The Real Cancun Review

SPRING FAKES

Sixteen shameless, superficial college kids get wasted and laid in pointless reality-TV spawn 'The Real Cancun'

A scene from 'The Real Cancun'

"THE REAL CANCUN" Overview

** stars

90 minutes | Rated: R
WIDE: Friday, April 25, 2003

Cast and Crew

Directed by Rick De Olivereira

Venturing into the R-rated territory they always aspired to anyway, the creators of MTV's reality soap "The Real World" took 16 largely interchangeable, generically attractive, shameless and shallow spring breakers to Cancun last month, put them up in a fancy beach-front resort, and filmed them getting drunk, having sex and flexing their egos (or getting them pummeled).

The result is "The Real Cancun," a transparently rushed (in an attempt to beat a similar project to theaters), slapped-together mish-mosh of superficial frivolity from which few people emerge with their dignity intact -- although most of them are too oblivious to realize it.

One big montage sequence of margarita body shots, parties and 20-year-old twins grinding on each other in wet T-shirt contests, director Rick De Olivereira (whose only previous credit is a video called "Who Wants To Be a Playboy Centerfold?") completely ignores any of the college-kid "cast" members whose week in the sun cannot be sensationalized.
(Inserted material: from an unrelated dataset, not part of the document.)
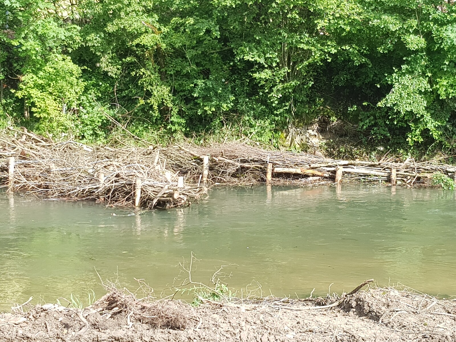 Etat réalisé (juin 2022) – Structures végétales favorables à la faune piscicole au pied de la berge droite du secteur amont

So the movie's focus falls mainly on the girls who will take their tops off, three arrogant Lotharios -- one of whom takes a housemate to bed on the second night and literally never speaks to her again -- and one harmless, sexually frustrated 19-year-old guy named Alan with such a tendency to choke around pretty girls that he literally runs away from one who's coming on to him.

Alan (who looks like a skinny, teenaged Matt Damon) has never had a drink in his life, so the rest of the partiers spend the movie pressuring him into getting loaded, which he eventually does (trying desperately to fit in), losing all his inhibitions in the process. But when he meets a girl he really likes and spends a whole night talking to her, De Olivereira implies he's still the house loser by inter-cutting his affable (and successful) flirtation with night-vision bedroom-cam footage of two other guys getting laid, as if to say, "See, Alan couldn't close the deal."

Other "stories" get a moment here or a moment there: unrequited love between two opposite-sex best friends; a girl who is tempted to cheat on her boyfriend by an arrogant trust-fund brat, then becomes wildly jealous when he bags another beach bunny; a similar near-coupling that blows up when the girl plays hard-to-get. But "The Real Cancun" barely takes the time to establish most of these people's personalities. If they're not brazenly calling attention to themselves, De Olivereira isn't terribly interested.

More than a decade old now, "The Real World" TV show has always had a modicum more dignity and depth than the rest of the deplorable reality-TV fad it spawned. But that's all gone in "The Real Cancun." The flick's spring break atmosphere does provide some vicarious guilty pleasure, but its "characters" are, on the whole, the kind of worthless, vacant people who aren't good for anything but reality programming -- which begs the question, Who's more shallow, the people who want to be in a reality movie or the people who pay to see one?